• Problem description: Take the lines below beginning at the line that has "Figure 5. Distribution" and stopping after the line that has "In Berlin, a", and print them exactly as they are, with no other lines.

• The data:

▽

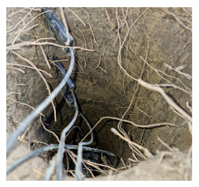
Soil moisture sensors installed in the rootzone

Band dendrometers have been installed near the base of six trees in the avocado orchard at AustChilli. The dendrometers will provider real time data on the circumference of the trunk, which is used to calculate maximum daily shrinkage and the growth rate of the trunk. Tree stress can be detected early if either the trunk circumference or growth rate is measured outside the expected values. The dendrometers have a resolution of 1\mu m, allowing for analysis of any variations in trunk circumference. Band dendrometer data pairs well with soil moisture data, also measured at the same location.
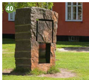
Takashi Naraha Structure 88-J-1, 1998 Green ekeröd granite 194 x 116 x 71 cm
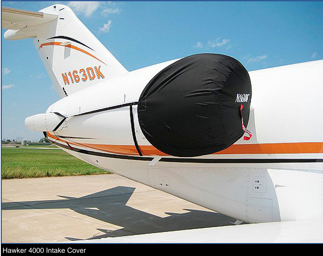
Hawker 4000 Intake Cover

△
▽

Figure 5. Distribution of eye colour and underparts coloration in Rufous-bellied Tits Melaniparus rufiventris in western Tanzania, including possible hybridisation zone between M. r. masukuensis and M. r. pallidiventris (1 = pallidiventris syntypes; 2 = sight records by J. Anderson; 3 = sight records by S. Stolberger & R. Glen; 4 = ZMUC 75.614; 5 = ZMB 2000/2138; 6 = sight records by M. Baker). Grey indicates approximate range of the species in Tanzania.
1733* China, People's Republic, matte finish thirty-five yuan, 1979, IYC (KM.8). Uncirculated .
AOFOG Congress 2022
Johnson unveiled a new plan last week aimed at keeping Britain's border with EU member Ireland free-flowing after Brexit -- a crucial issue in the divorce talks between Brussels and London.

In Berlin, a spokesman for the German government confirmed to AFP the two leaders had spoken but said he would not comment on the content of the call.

△

• Expected answer:
Figure 5. Distribution of eye colour and underparts coloration in Rufous-bellied Tits Melaniparus rufiventris in western Tanzania, including possible hybridisation zone between M. r. masukuensis and M. r. pallidiventris (1 = pallidiventris syntypes; 2 = sight records by J. Anderson; 3 = sight records by S. Stolberger & R. Glen; 4 = ZMUC 75.614; 5 = ZMB 2000/2138; 6 = sight records by M. Baker). Grey indicates approximate range of the species in Tanzania.
1733* China, People's Republic, matte finish thirty-five yuan, 1979, IYC (KM.8). Uncirculated .
AOFOG Congress 2022
Johnson unveiled a new plan last week aimed at keeping Britain's border with EU member Ireland free-flowing after Brexit -- a crucial issue in the divorce talks between Brussels and London.

In Berlin, a spokesman for the German government confirmed to AFP the two leaders had spoken but said he would not comment on the content of the call.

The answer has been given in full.